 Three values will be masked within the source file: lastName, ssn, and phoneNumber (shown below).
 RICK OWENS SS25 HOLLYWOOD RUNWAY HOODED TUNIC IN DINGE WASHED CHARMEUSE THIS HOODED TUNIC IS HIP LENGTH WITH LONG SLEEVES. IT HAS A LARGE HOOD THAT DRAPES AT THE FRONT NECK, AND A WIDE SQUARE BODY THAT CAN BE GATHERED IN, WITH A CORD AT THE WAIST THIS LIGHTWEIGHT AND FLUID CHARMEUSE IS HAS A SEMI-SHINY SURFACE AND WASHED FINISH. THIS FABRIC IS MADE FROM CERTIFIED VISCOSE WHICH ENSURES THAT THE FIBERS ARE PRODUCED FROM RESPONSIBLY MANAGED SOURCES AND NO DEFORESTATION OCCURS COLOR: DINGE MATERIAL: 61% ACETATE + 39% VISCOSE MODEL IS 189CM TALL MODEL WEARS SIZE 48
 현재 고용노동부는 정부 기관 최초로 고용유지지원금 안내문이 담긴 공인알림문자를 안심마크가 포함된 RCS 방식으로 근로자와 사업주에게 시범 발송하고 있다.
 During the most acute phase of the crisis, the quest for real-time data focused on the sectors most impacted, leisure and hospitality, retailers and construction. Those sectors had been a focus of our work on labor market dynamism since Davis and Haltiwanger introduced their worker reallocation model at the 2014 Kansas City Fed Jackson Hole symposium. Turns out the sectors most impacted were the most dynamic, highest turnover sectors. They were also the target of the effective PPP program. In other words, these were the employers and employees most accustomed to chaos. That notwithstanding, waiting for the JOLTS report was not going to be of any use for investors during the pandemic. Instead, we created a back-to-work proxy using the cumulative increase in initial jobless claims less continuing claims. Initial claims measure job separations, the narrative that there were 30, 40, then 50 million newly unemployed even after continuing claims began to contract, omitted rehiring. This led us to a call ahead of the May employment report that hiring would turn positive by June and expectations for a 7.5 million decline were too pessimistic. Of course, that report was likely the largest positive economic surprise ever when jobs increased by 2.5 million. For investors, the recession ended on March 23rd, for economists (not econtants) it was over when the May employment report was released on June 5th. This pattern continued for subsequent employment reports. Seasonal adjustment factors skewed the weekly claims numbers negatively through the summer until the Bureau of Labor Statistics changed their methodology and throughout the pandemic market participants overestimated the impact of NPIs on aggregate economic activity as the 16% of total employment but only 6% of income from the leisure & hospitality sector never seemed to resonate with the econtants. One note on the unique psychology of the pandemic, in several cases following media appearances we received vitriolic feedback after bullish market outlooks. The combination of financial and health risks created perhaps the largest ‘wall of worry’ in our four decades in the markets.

...

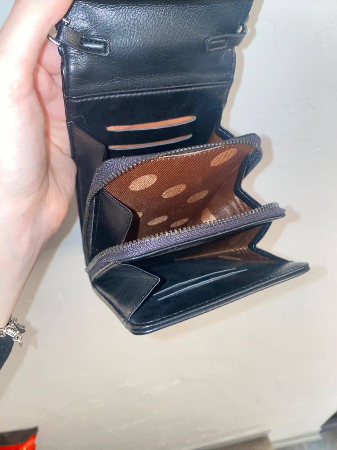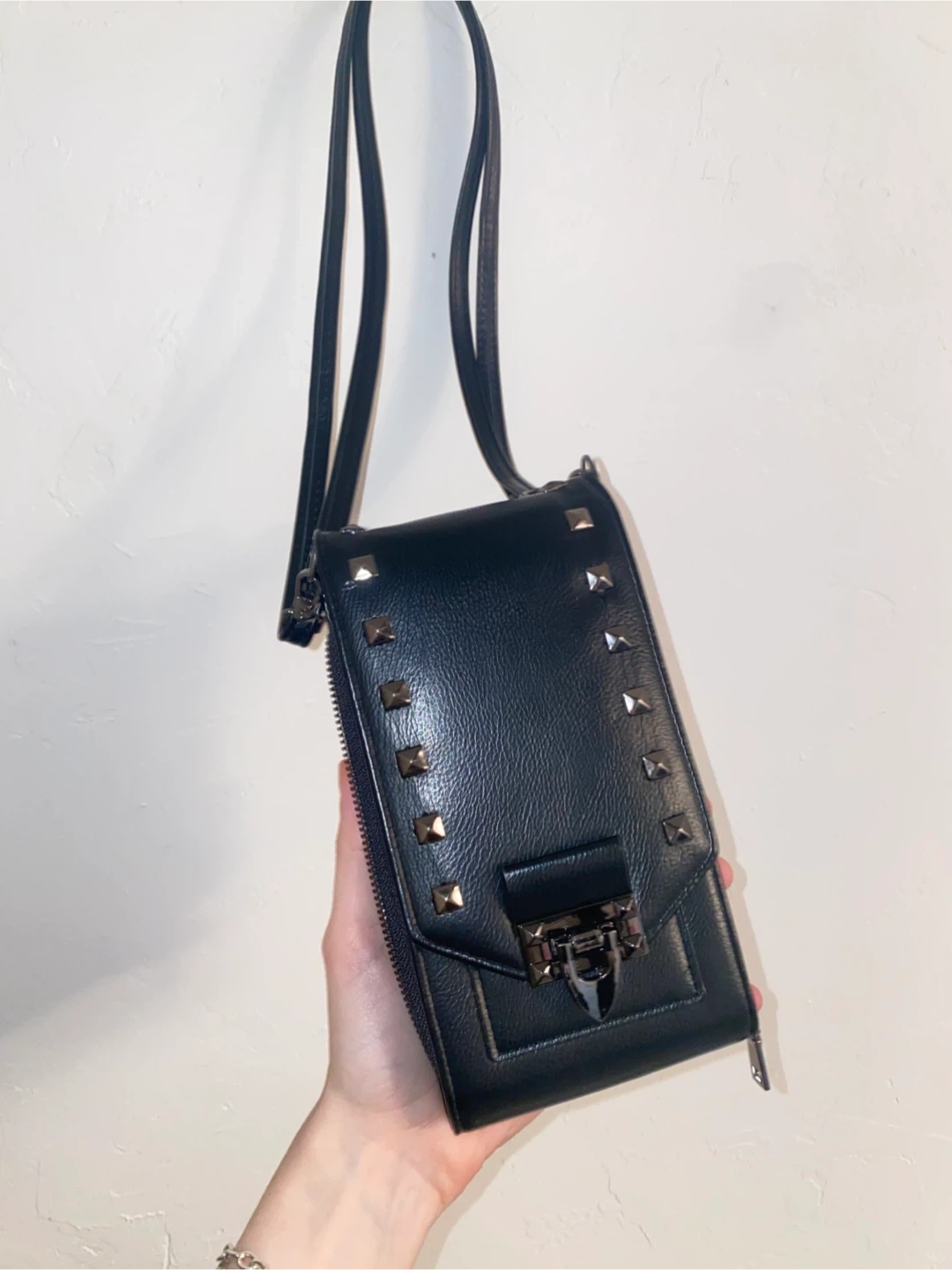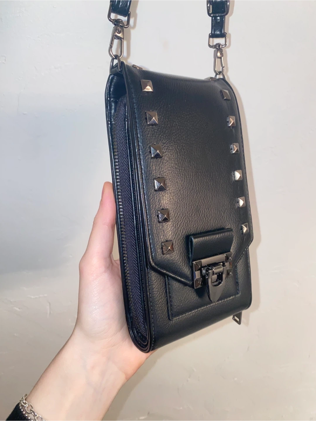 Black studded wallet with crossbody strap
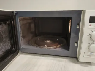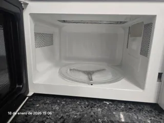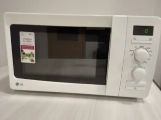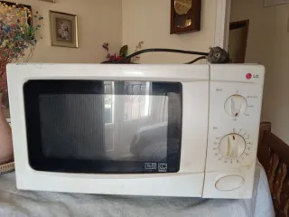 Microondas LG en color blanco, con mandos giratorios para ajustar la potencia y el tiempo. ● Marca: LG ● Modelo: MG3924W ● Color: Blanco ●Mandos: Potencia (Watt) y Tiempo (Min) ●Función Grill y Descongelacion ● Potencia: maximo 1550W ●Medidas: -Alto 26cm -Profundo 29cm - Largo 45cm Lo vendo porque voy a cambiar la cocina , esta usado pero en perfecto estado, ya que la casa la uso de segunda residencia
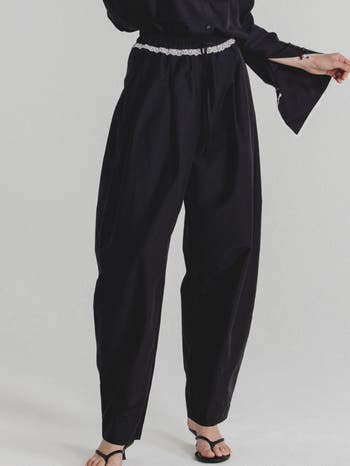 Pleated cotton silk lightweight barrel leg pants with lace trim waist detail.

— EXERCISE —
From the records above, retype only the lines starting at the line that contains "Three values will" and ending at the line that contains "현재 고용노동부는 정부", both included.

— SOLUTION —
 Three values will be masked within the source file: lastName, ssn, and phoneNumber (shown below).
 RICK OWENS SS25 HOLLYWOOD RUNWAY HOODED TUNIC IN DINGE WASHED CHARMEUSE THIS HOODED TUNIC IS HIP LENGTH WITH LONG SLEEVES. IT HAS A LARGE HOOD THAT DRAPES AT THE FRONT NECK, AND A WIDE SQUARE BODY THAT CAN BE GATHERED IN, WITH A CORD AT THE WAIST THIS LIGHTWEIGHT AND FLUID CHARMEUSE IS HAS A SEMI-SHINY SURFACE AND WASHED FINISH. THIS FABRIC IS MADE FROM CERTIFIED VISCOSE WHICH ENSURES THAT THE FIBERS ARE PRODUCED FROM RESPONSIBLY MANAGED SOURCES AND NO DEFORESTATION OCCURS COLOR: DINGE MATERIAL: 61% ACETATE + 39% VISCOSE MODEL IS 189CM TALL MODEL WEARS SIZE 48
 현재 고용노동부는 정부 기관 최초로 고용유지지원금 안내문이 담긴 공인알림문자를 안심마크가 포함된 RCS 방식으로 근로자와 사업주에게 시범 발송하고 있다.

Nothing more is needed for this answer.